Дом оказывался на острове. В это время Терехов всегда был на реке в лодке. Подрабатывал перевозом. По реке в эту пору плыло много добра: бревна, доски, старые лодки, снесенное с лугов сено. С багром и лодкой Терехов не давал добру уплыть далеко. Конечно, в это время и Андрей со своей лодкой тоже был на реке. И однажды упустил лодку, но бросился в одежде в ледяную воду, догнал ее… Терехов взял дрожащего мальчика к себе в дом, раздел, положил в постель, пока сушил одежду, напоил горячим чаем с малиной. Вот через этот случай и познакомились друг с другом Петр Леонидович и Иван Алексеевич, почти одногодки…
– А парикмахер! – вдруг вспоминает жена Андрея. – Анна Алексеевна, расскажите о парикмахере!
– Да, Игорь, и еще один был старый многолетний друг у Петра Леонидовича. Он жил в селе Успенское, там за рекой. Был местным парикмахером. В течение многих лет Петр Леонидович стригся только у него. Раз в месяц, не реже, это было как ритуал. Стрижка затягивалась надолго. Понятно, почему после этого все удивлялись, откуда Петр Леонидович так всегда хорошо знает, как идут дела на конезаводе в Успенском и какие в этот год лошади особенно хороши, как прошел очередной их аукцион и как вообще дела.
– Какие только люди не жили, не приходили к нам! Много лет постоянной гостьей у нас была тетя Дарья. Крестьянка из довольно далекой от нас деревни. Сначала это были деловые визиты. Она приносила нам сметану, творог. Удивительно она их умела делать. А потом у нее очень тяжело заболел сын. Думали, что умрет. Но Петр Леонидович забрал его в Москву, поднял всех лучших своих знакомых врачей, положил его в хорошую клинику, и тот выздоровел. С тех пор тетя Дарья считала нас родными. А потом в нашем доме много лет жила монашка Катя. Помогала по хозяйству, все удивлялась: «Ведь вот неверующие, а хорошие люди».
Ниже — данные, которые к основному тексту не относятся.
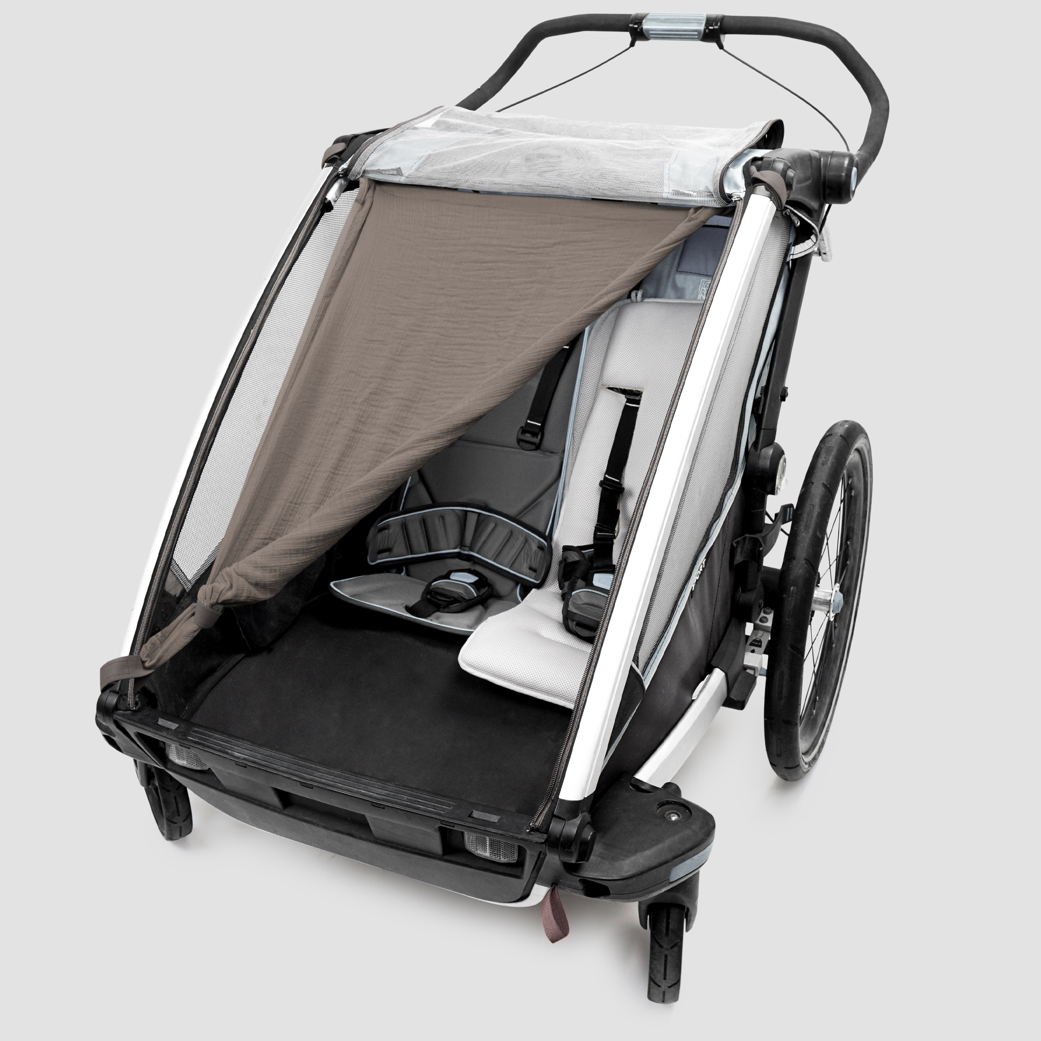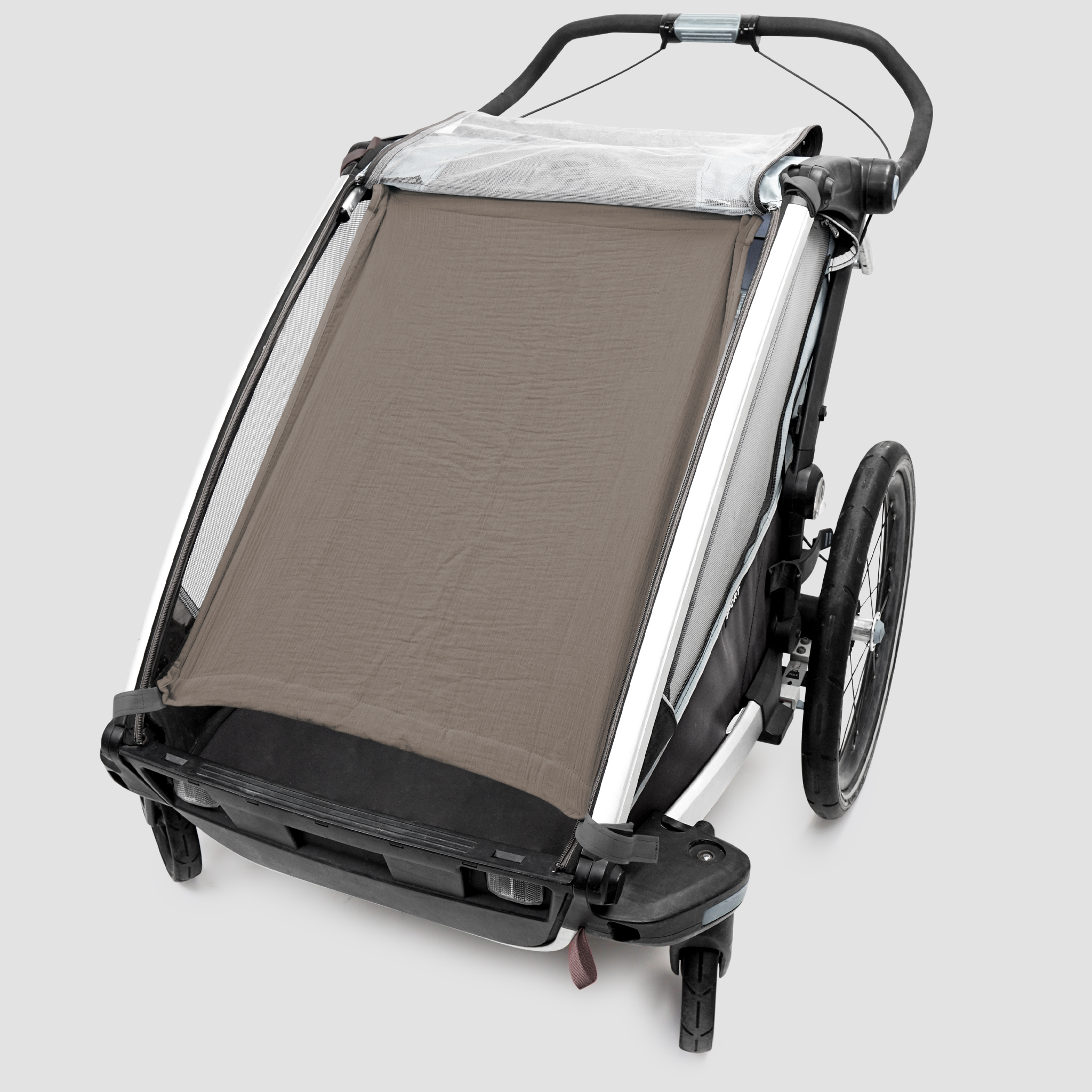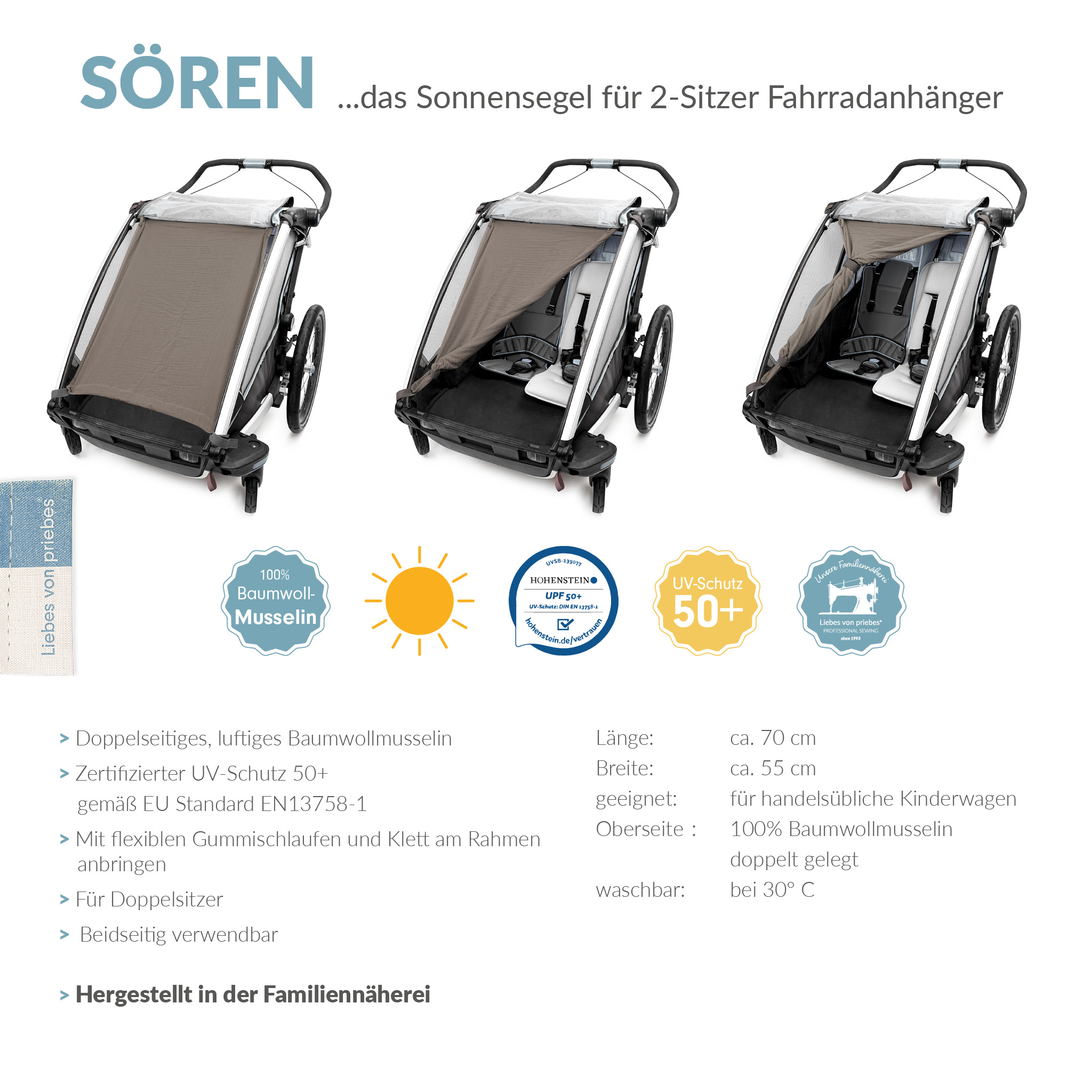 Liebes von priebes SÖREN Sonnensegel 2-Sitzer Fahrradanhänger UV-Schutz 50+ Design Musselin Taupe B-Ware

Дон Кихот и аналогия с татарником
Отвечая на мой вопрос о книгах, увиденных в кабинете, Анна Алексеевна рассказала:
– Все эти книжки положил там и читал сам Петр Леонидович. Спасибо, Игорь, что вы зашли в кабинет и увидели все это. «Жиль Блаза» он, возможно, читал просто так, для отдыха, Пушкина – свериться мыслью о чем-нибудь. Зато «Дон Кихот» была его настольная и любимая книга. Ведь он считал, что его жизнь очень похожа на жизнь этого героя, он много лет собирал изображения Дон Кихота. Эта коллекция хранится у него в лаборатории… – Анна Алексеевна улыбнулась, чуть грустно. – А вы знаете, Петр Леонидович особенно любил одну из повестей Льва Николаевича Толстого, а несколько строчек на первых страницах ее, считал, могли бы быть эпиграфом к его жизни. Это первые страницы «Хаджи-Мурата».
– Неужели фразы о татарнике? – решился спросить я.
– Да, Игорь, – последовал ответ. – И поэтому у Петра Леонидовича в кабинете нашего московского дома висит картина художника Козлова, на которой изображен куст татарника. Это одна из любимых картин Петра Леонидовича.
Все замолчали…
После этого разговора, когда все встали из-за стола, я пошел в «телевизорную», нашел там «Хаджи-Мурата». И вот что там было написано: «Куст татарника состоял из трех отростков. Один был оторван, и, как отрубленная рука, торчал остаток ветки. На двух других было на каждом по цветку. Цветки эти были когда-то красные, теперь же были черные. Один стебель был сломан, и половина его, с грязным цветком на конце, висела книзу, другой, хотя и вымазанный черноземной грязью, все еще торчал кверху. Видно было, что весь кустик был переехан колесом и уже после поднялся и потому стоял боком, но все-таки стоял. Точно вырвали у него кусок тела, вывернули внутренности, оторвали руку, выкололи глаз. Но он все стоит и не сдается человеку, уничтожившему всех его братий кругом.